Tuesday Poem-Tomo by Helen Lowe

There’s a giftshop

and a café—buses parked close

to the limestone mouth.

Air gusts out,

cool—the crowd

breaks and eddies,

he moves with the current,

is borne

toward the dark—turns

for one look back:

She averts her face,

has no coin to buy passage

under the earth.

(c) Helen Lowe

Illustration showing Niels Klim with the tree-people of Potu, from the 1845 English edition of Niels Klim’s Journey Under the Ground.
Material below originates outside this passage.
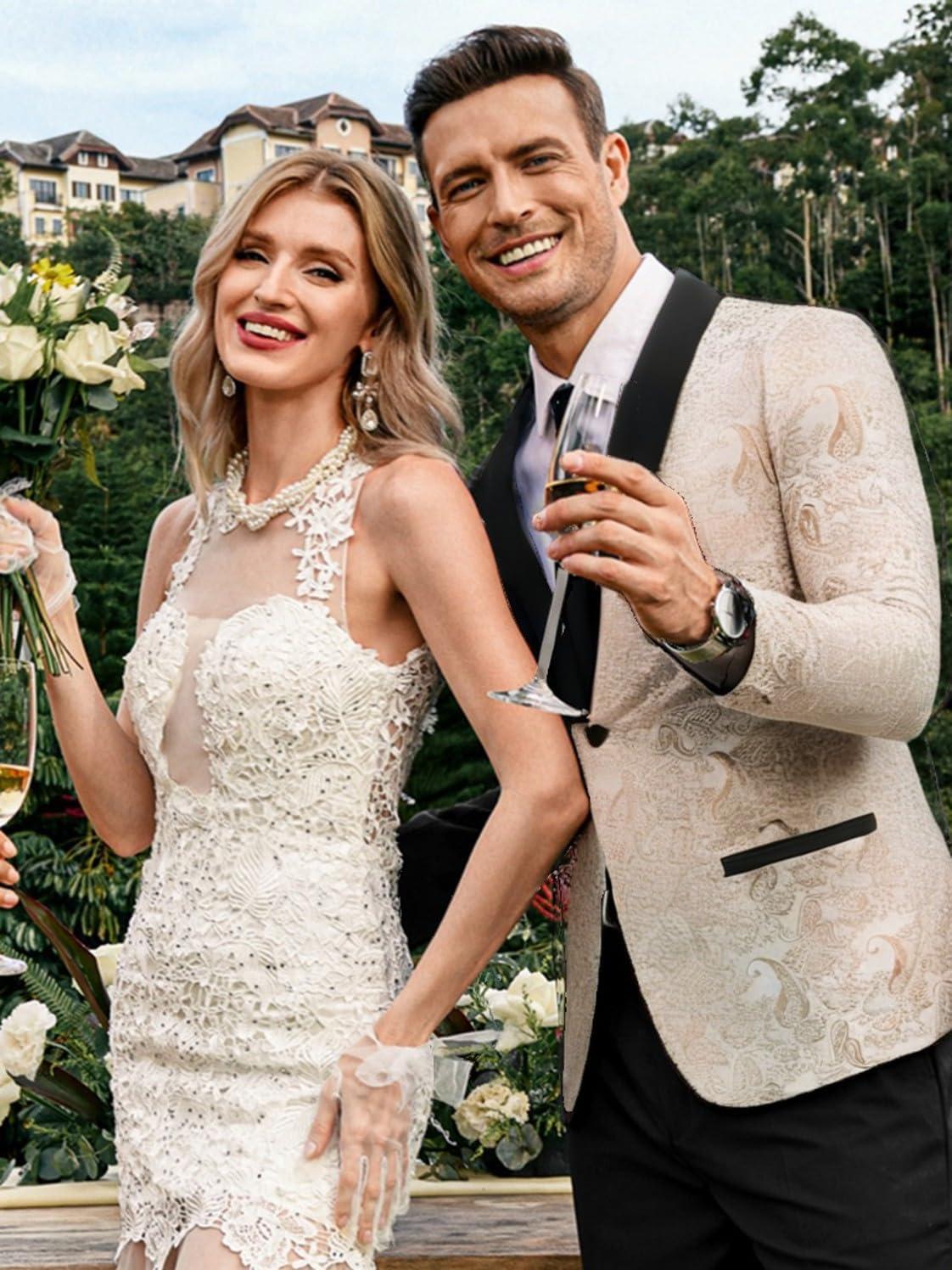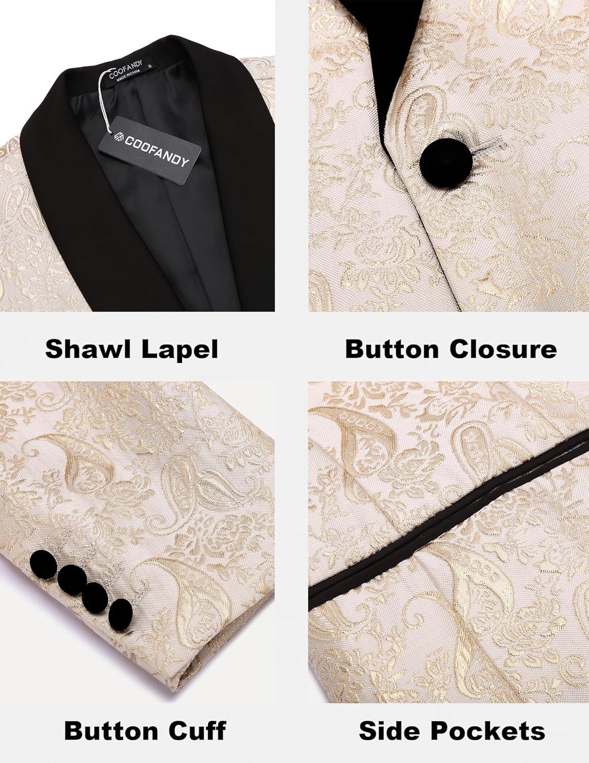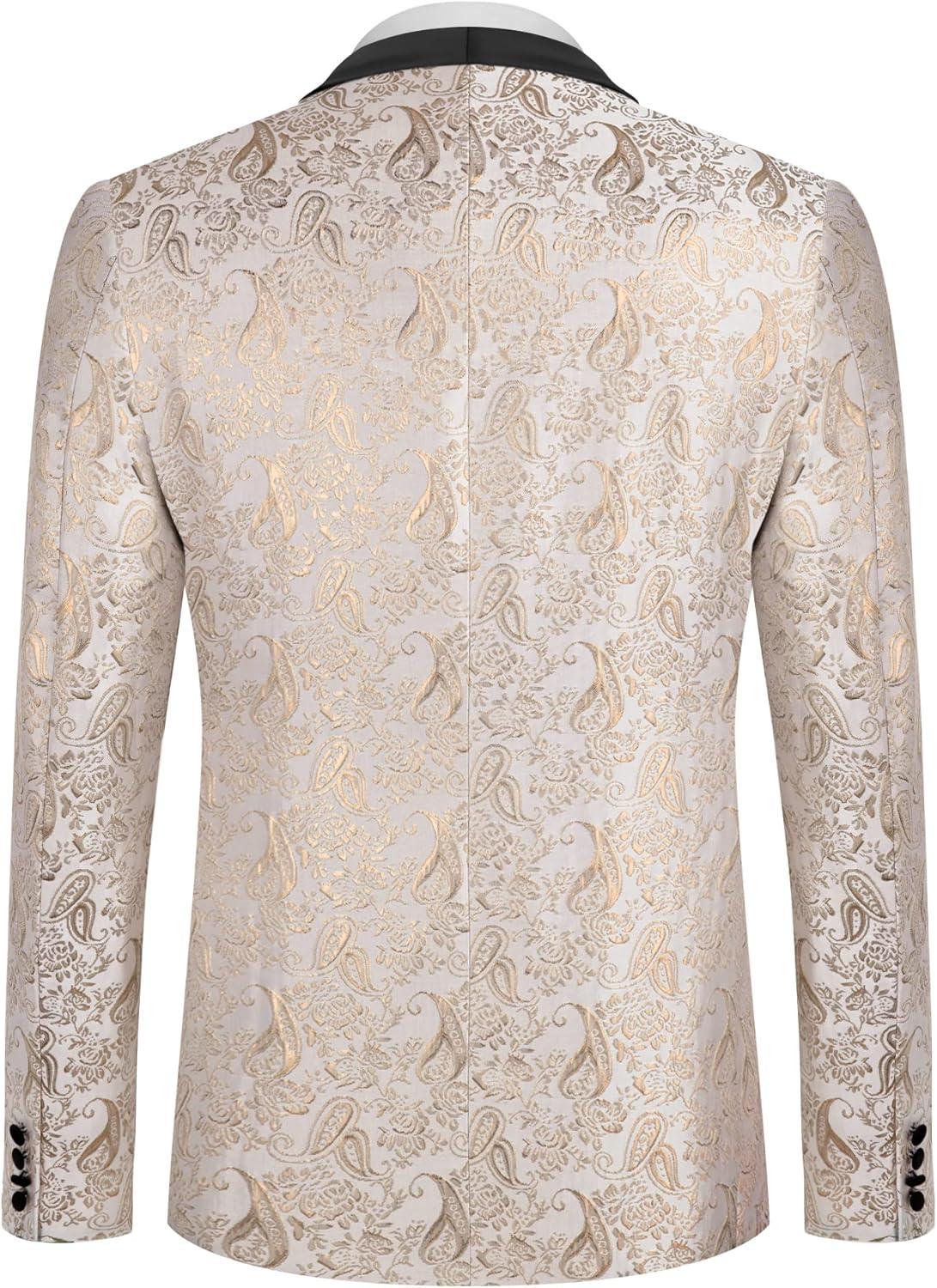 COOFANDY Men's Floral Tuxedo Jacket Jacquard Suit Jacket Slim Fit Blazer for Wedding, Prom, Dinner(Type02-champagne)
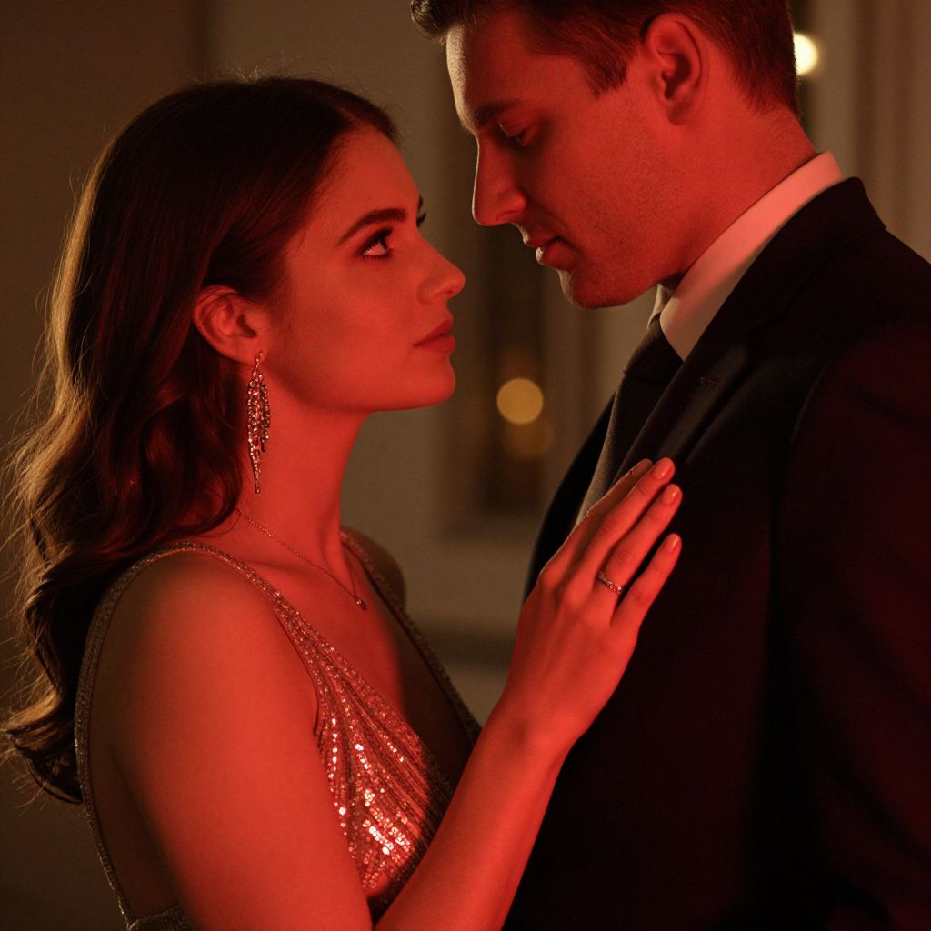 Romantic embrace captured in warm, red-hued lighting as a woman in a shimmering dress and dangling earrings gently rests her hand on a man's lapel, both gazing tenderly at each other against a backdrop of soft bokeh lights.

Helen Lowe is a novelist, poet, interviewer, and a 2012 Ursula Bethell Writer-in-Residence at the University of Canterbury. She emerged onto the NZ poetry scene in 2003 as an inaugural Robbie Burns Award winner and has since had over fifty poems published and anthologized, both in NZ and overseas. The Gathering of the Lost, the second novel in her The Wall of Night series, was published internationally in April, and she recently won the Gemmell Morningstar Award 2012 for the first-in-series, The Heir of Night. Helen posts every day on her Helen Lowe on Anything, Really blog and is a regular Tuesday Poem contributor. You can also follow her on Twitter: @helenl0we

Thank you to Helen for permission to use this poem. There is no author’s comment.  I chose the above illustration because  that is how the poem spoke to me…but you must draw your own conclusions.